- Directions for this task -
Transcribe, word for word and without additions, each line below from the one containing "Ideal for casual" through the one containing "Interior spaces include", both ends included.

- Data shown -
>>>
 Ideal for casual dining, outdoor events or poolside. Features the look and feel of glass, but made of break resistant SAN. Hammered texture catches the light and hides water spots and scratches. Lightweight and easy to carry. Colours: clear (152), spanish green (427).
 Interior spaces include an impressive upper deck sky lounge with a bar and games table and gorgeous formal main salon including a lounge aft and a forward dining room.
<<<
>>>
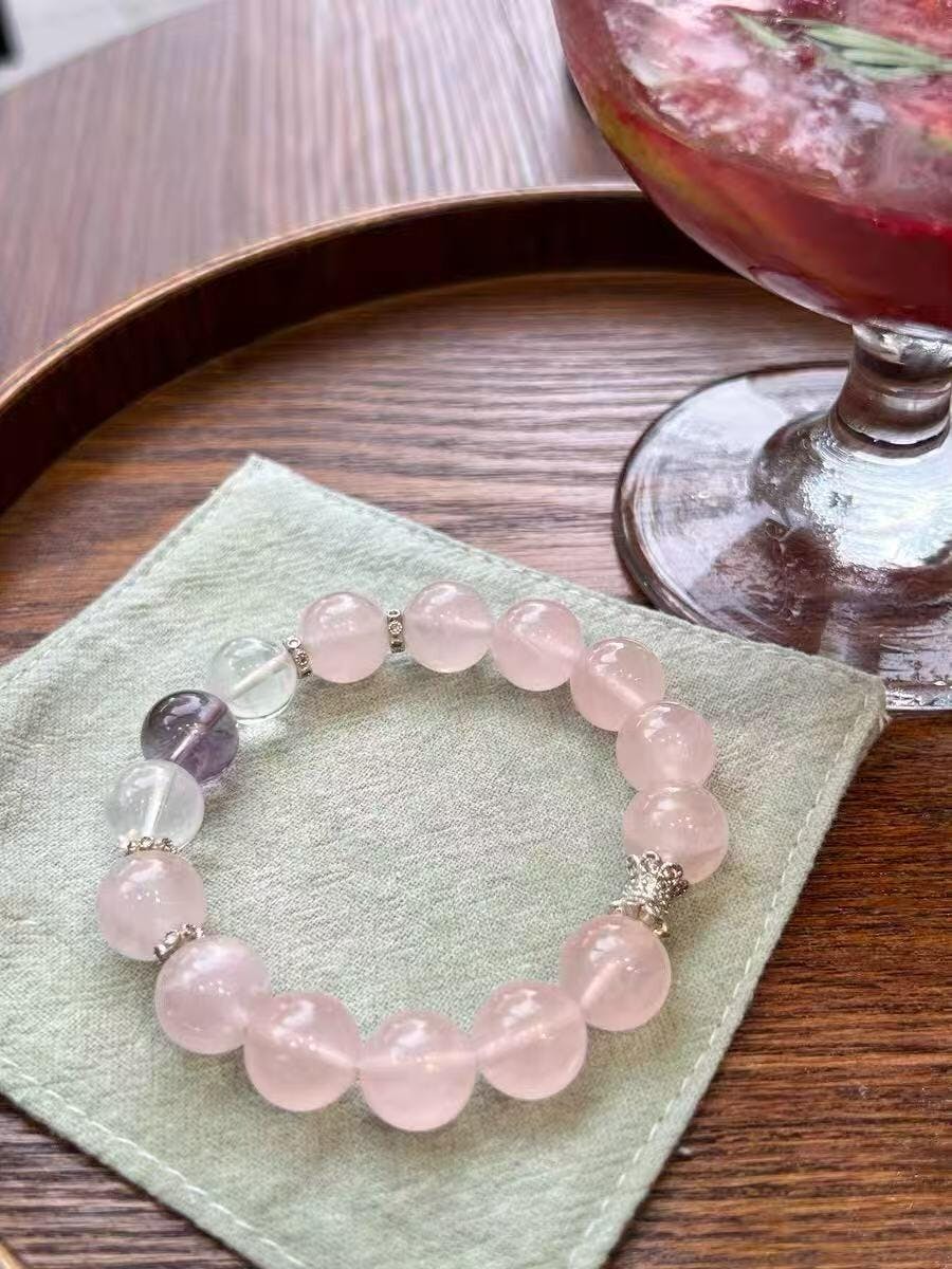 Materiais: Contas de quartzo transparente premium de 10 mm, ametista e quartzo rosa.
<<<
- Exercise response -
 Ideal for casual dining, outdoor events or poolside. Features the look and feel of glass, but made of break resistant SAN. Hammered texture catches the light and hides water spots and scratches. Lightweight and easy to carry. Colours: clear (152), spanish green (427).
 Interior spaces include an impressive upper deck sky lounge with a bar and games table and gorgeous formal main salon including a lounge aft and a forward dining room.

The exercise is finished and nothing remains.